### Exercise data
"""
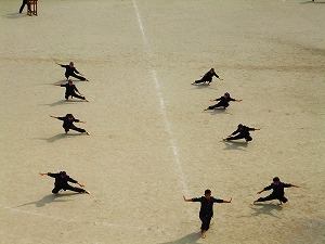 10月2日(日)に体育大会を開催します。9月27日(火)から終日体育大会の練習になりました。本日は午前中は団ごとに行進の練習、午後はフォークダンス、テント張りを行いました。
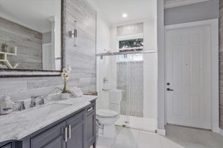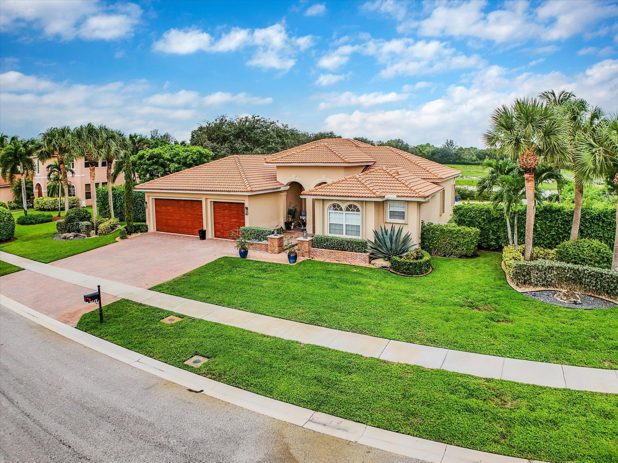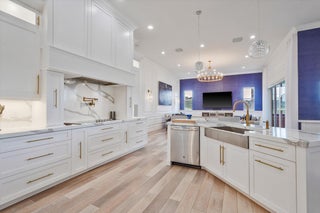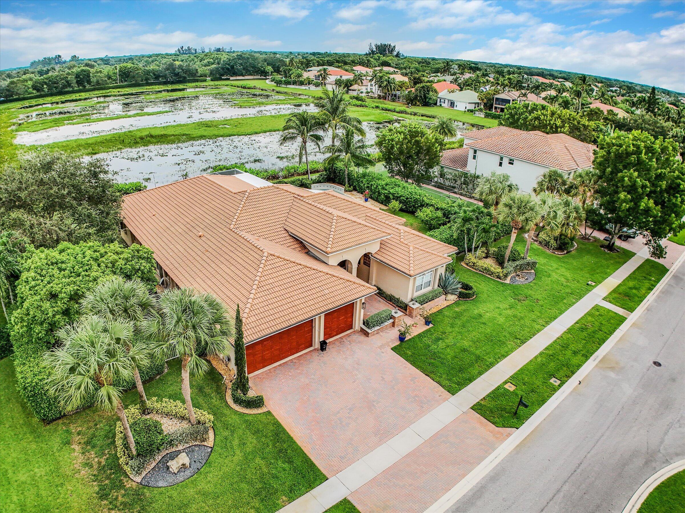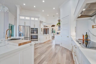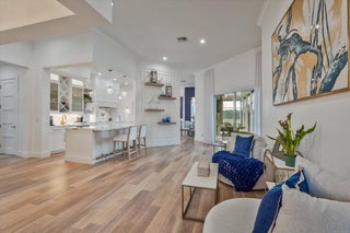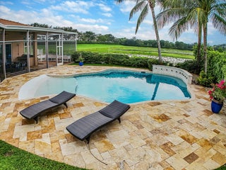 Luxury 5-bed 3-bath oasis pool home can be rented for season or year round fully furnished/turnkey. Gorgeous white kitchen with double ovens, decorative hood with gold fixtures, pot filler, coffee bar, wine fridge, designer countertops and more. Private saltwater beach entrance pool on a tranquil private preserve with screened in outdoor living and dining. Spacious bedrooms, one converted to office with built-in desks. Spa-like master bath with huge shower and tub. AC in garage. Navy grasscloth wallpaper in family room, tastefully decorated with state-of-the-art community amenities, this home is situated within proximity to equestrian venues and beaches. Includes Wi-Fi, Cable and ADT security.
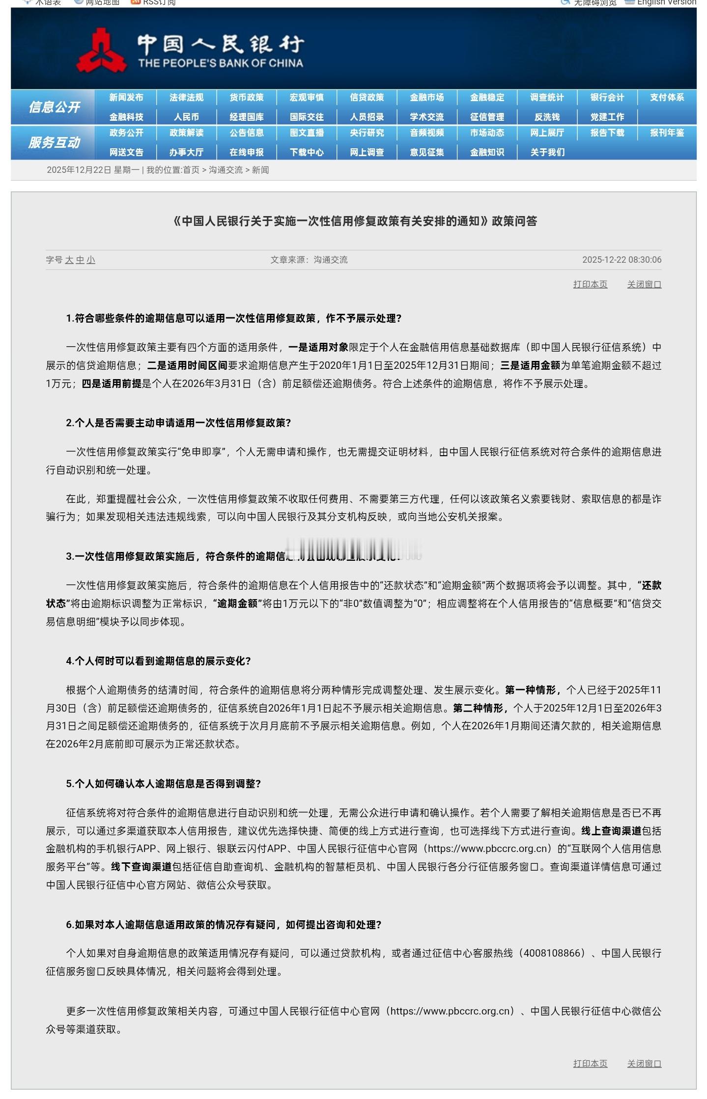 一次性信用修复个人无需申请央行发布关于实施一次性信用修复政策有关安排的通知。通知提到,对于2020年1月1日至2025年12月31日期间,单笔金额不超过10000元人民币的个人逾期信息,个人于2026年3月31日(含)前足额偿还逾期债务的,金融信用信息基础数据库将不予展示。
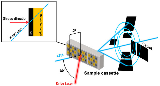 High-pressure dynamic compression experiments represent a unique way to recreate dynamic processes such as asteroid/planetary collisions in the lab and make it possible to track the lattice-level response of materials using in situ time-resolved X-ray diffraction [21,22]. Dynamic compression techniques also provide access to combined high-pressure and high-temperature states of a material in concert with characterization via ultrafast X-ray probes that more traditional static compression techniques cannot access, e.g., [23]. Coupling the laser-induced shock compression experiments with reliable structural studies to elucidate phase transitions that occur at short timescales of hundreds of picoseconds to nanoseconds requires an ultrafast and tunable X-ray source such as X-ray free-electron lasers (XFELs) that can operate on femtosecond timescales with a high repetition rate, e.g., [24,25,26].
"""
### Task brief
Nothing but the lines from the start of the listing through the line with "一次性信用修复个人无需申请央" belongs in the answer, each one retyped exactly and without pictures.

### Worked solution
 10月2日(日)に体育大会を開催します。9月27日(火)から終日体育大会の練習になりました。本日は午前中は団ごとに行進の練習、午後はフォークダンス、テント張りを行いました。
 Luxury 5-bed 3-bath oasis pool home can be rented for season or year round fully furnished/turnkey. Gorgeous white kitchen with double ovens, decorative hood with gold fixtures, pot filler, coffee bar, wine fridge, designer countertops and more. Private saltwater beach entrance pool on a tranquil private preserve with screened in outdoor living and dining. Spacious bedrooms, one converted to office with built-in desks. Spa-like master bath with huge shower and tub. AC in garage. Navy grasscloth wallpaper in family room, tastefully decorated with state-of-the-art community amenities, this home is situated within proximity to equestrian venues and beaches. Includes Wi-Fi, Cable and ADT security.
 一次性信用修复个人无需申请央行发布关于实施一次性信用修复政策有关安排的通知。通知提到,对于2020年1月1日至2025年12月31日期间,单笔金额不超过10000元人民币的个人逾期信息,个人于2026年3月31日(含)前足额偿还逾期债务的,金融信用信息基础数据库将不予展示。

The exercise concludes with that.